Литмир - Электронная Библиотека

Глава 11

Башня сильно состарилась. Нат сразу же понял это, едва переступив порог. Здесь, как и в любом другом месте, сила тяжести повсюду оставила свой отпечаток. Опоры обветшали, сеточка трещин покрывала штукатурку на стенах. В довершение всего строение слегка покосилось на левую сторону.

Внезапно Ната охватило одно-единственное желание: взобраться на вершину! Увы, он явно переоценил свои силы, и скоро испытание заставило его крепко сжать челюсти. От чудовищного давления ему уже на десятой ступеньке стало казаться, что его глазные яблоки вот-вот лопнут, как сжатые между пальцами виноградины. Ему пришлось подниматься с закрытыми глазами, чтобы не лишиться остатков мужества. Наконец он вскарабкался на верхнюю площадку, ободрав все ладони о ржавые перекладины лестницы, и окинул взглядом горизонт. Вскоре из носа у него потекла кровь, ноги раздулись вдвое против обычного. На тыльной стороне ладоней набрякли готовые лопнуть вены. Испугавшись, что его мозг того и гляди взорвется, он поспешил спуститься вниз. В любом случае окруженная зубчатым гребнем сторожевая площадка башни отныне являлась личной территорией Гуна, и Нат, как простой слуга, не имел права на нее подниматься.

Стараясь забыть про гулкий рокот крови в ушах, он с чувством ностальгии разглядывал такую знакомую обстановку жилого помещения. Воспоминания нахлынули волной, и он отдался на их волю. Годы, которые он прожил на холме, потекли перед его мысленным взором.

Его мать умерла, едва произведя его на свет, и у Ната не было в жизни другого примера, кроме его отца, Мура. В его памяти он остался суровым, худощавым человеком, для которого зеленая мантия дозорного выглядела чересчур просторной.
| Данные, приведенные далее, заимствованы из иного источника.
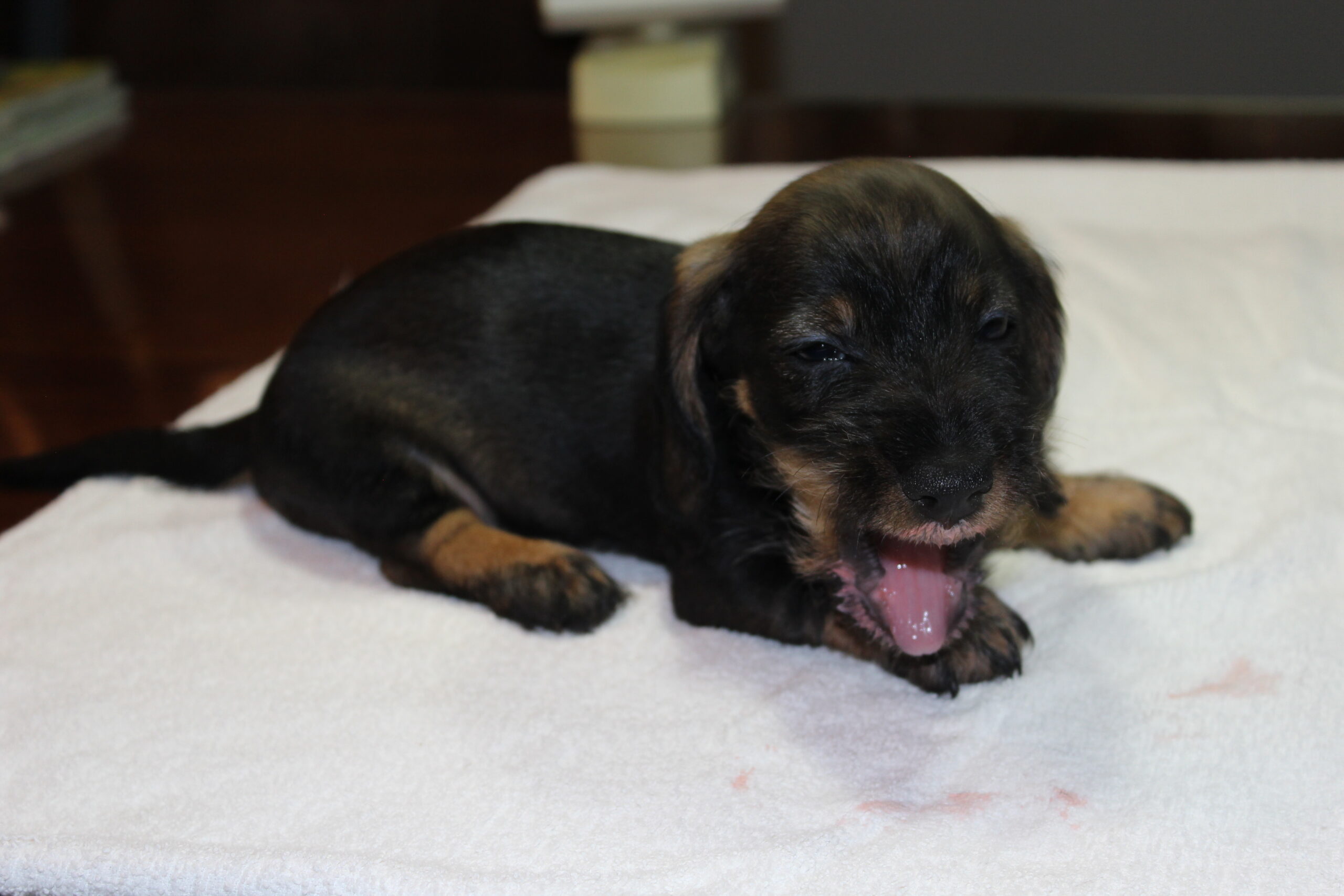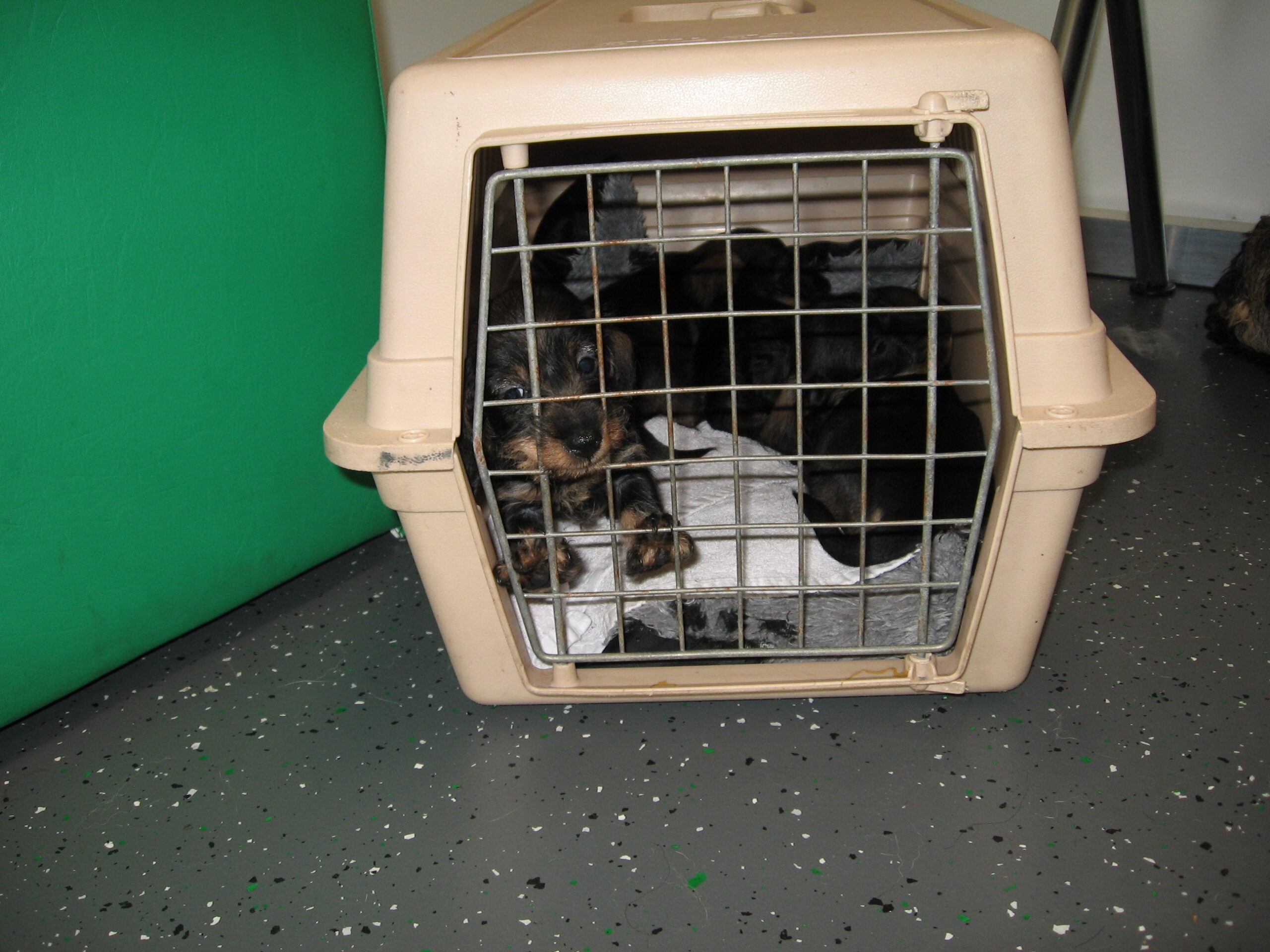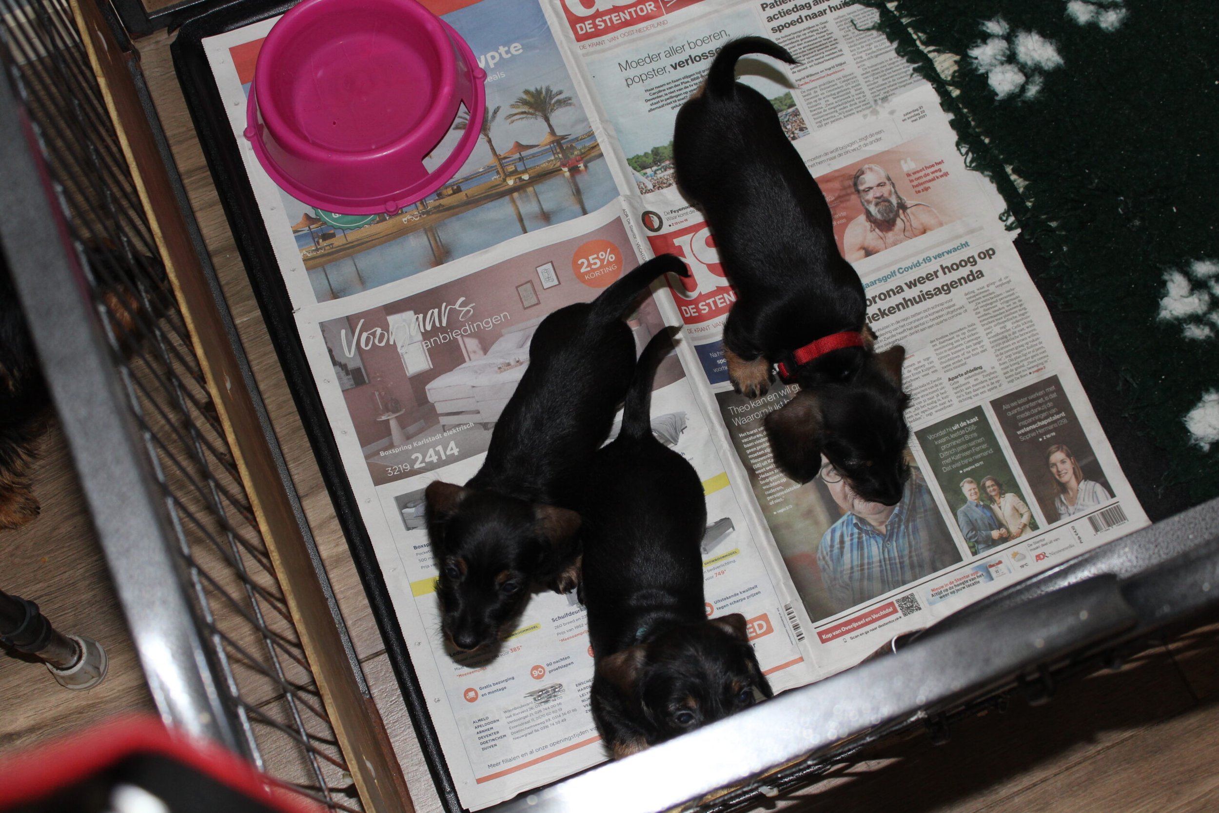 Daar zit ik dan weer om vele beloftes voor een verhaaltje na te komen. Geen probleem hoor, dat doe ik met plezier. Tussen alle dierengeluiden en het journaal door probeer ik jullie wederom op de hoogte te brengen van onze pupsels. Wat waren het weer drukke maar oh zo leuke twee weken. De eerste week begon met het bezoek van de chipster. Vakkundig werden de pups gechipt en werd het DNA afgenomen, maar we waren er nog niet. Terwijl de pups bijkwamen van deze nieuwe ervaringen gaf ze ons nog wat advies over de huisvesting van de pups. De werpkisten staan hoog, zodat Bert tijdens de bevalling geen last van zijn rug krijgt. Jullie zullen begrijpen dat dit een zorgvuldig en een langdurend proces is en onze meisjes blijven rustig en tevreden zo lang Bert er maar bij is en dan moet je wel op de rug blijven letten. De chipster adviseerde ons om de pups eerder in de kamerkennel te doen, zodat zij de kamer eerder zouden kunnen bekijken. Bij ons gebeurt dit normaliter na de enting, maar dit advies volgen wij graag op. Alles voor het welzijn van de pups en mama, die regelmatig de beentjes buiten de werpkist kan strekken en dan ook al graag op schoot ligt. Vervolgens kregen wij daarna een locatiecontrole en werd het verblijf van de honden bekeken en werd de buitenkennel geïnspecteerd. De waterbak stond op dat moment niet op de juiste plek, maar water is er altijd. Haar adviezen werden gerapporteerd aan de Raad van Beheer en vanmorgen (29/6) ontvingen wij een mail van de jurist van de Raad van Beheer dat zij verheugd waren dat onze locatie voldoet aan de gestelde eisen. Er kan in de toekomst altijd nog steekproefsgewijs een locatiecontrole plaatsvinden. Prima voor het honden- c.q. dierenwelzijn en wij zijn dan ook erg blij met deze beoordeling en zullen er zeker op toezien dat dit blijvend is. Met dank aan de chipster en de Raad van Beheer.

Это был строгий и неласковый воспитатель, сухие губы которого размыкались лишь для того, чтобы поучать сына или бранить его.
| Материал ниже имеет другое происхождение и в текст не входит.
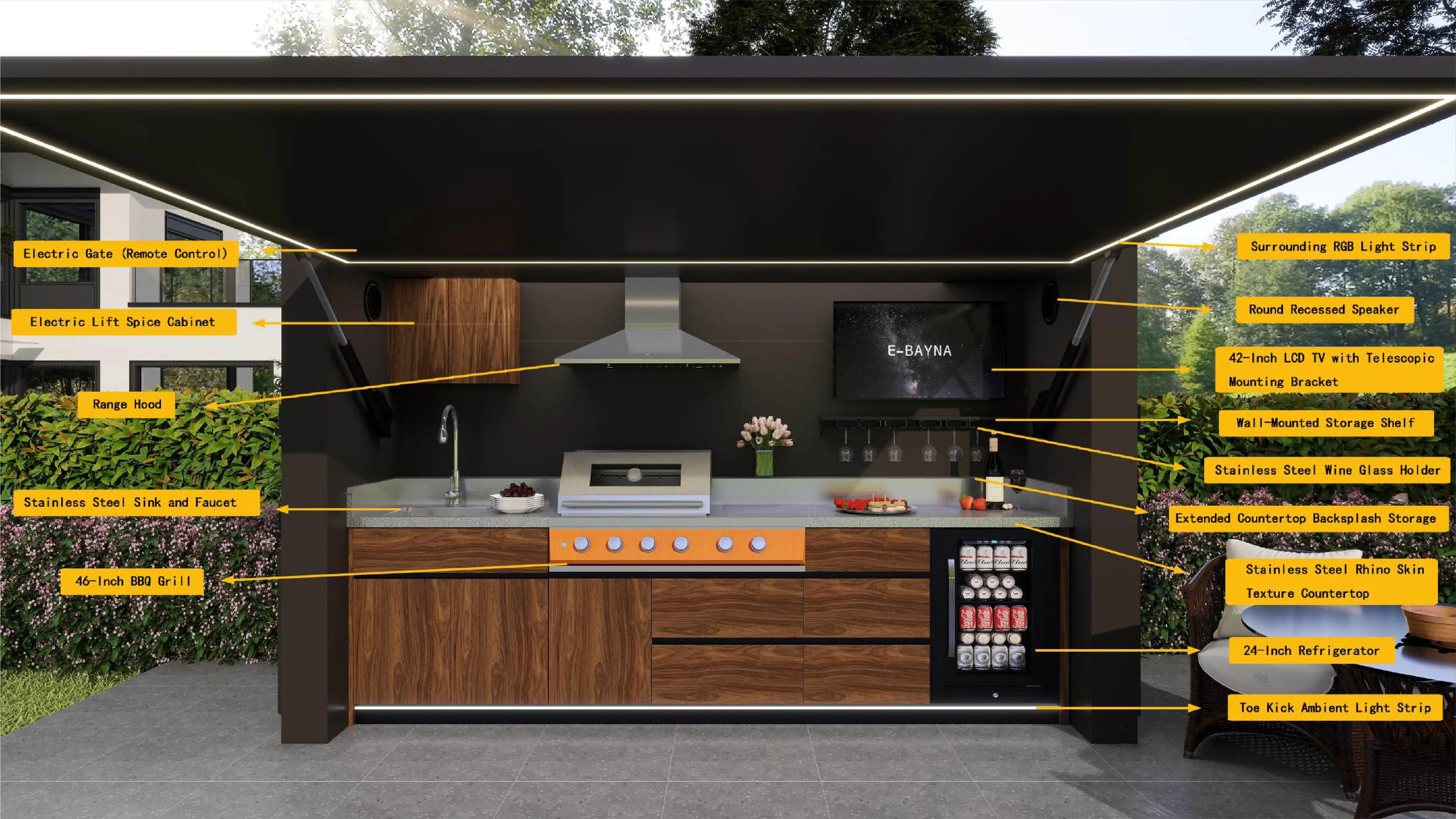 At the centre is a powerful built-in 46" BBQ grill, ideal for cooking for large groups. A 24" refrigerator keeps food and drinks chilled, while the stainless steel sink with pull-out faucet and expansive prep bench make hosting effortless. Wine glass storage, utensil storage, and custom cabinetry finishes elevate both function and style.

«Я, наверное, кажусь тебе слишком жестким, – откровенничал он иногда, – но это потому, что слишком уж тяжела возложенная на меня ответственность. Вся жизнь на холме зависит от меня, и я просто обязан быть постоянно настороже. Облако-убийца может появиться в любой момент! И если такое случится, кто, как не я, сможет заметить его, пока не стало слишком поздно? Кто, как не я, сможет объявить всеобщую эвакуацию? Из-за этого у меня остается слишком мало времени, чтобы заниматься тобой. Раньше я был обычным человеком, таким же, как все, но ты тогда был мал и не помнишь этого. Служба, которой по воле случая наградил меня жребий, сделала меня другим человеком. У меня больше нет права оставаться просто отцом, я обязан быть прежде всего дозорным!»

Детство Ната прошло тускло и непримечательно. У детей с холма почти не было времени на игры: уже с семилетнего возраста их обучали охотиться на ящериц. Маленький Нат обычно проводил дни в одиночестве, потому что другие дети избегали его.

Впрочем, Мур и не поощрял его искать компании других ребятишек.

«Дозорные – важные господа, – говорил он, – так что изволь вести себя соответственно своему положению и не выпрашивай дружбы у тех, кто тебе не ровня».

Это был странный человек с тяжелым, неуживчивым характером и при этом искренне преданный обществу вплоть до самопожертвования. Ходячая загадка, полная противоречий. Нат вспоминал, с каким восхищением он смотрел на Мура, когда тот восходил на третий этаж башни, где был установлен огромный рупор. Приникнув к широкому железному конусу, Мур мог прочесть сотни заклинаний без единой передышки, и его многократно усиленный голос разносился по равнине далеко-далеко, а люди внизу только почтительно склоняли головы.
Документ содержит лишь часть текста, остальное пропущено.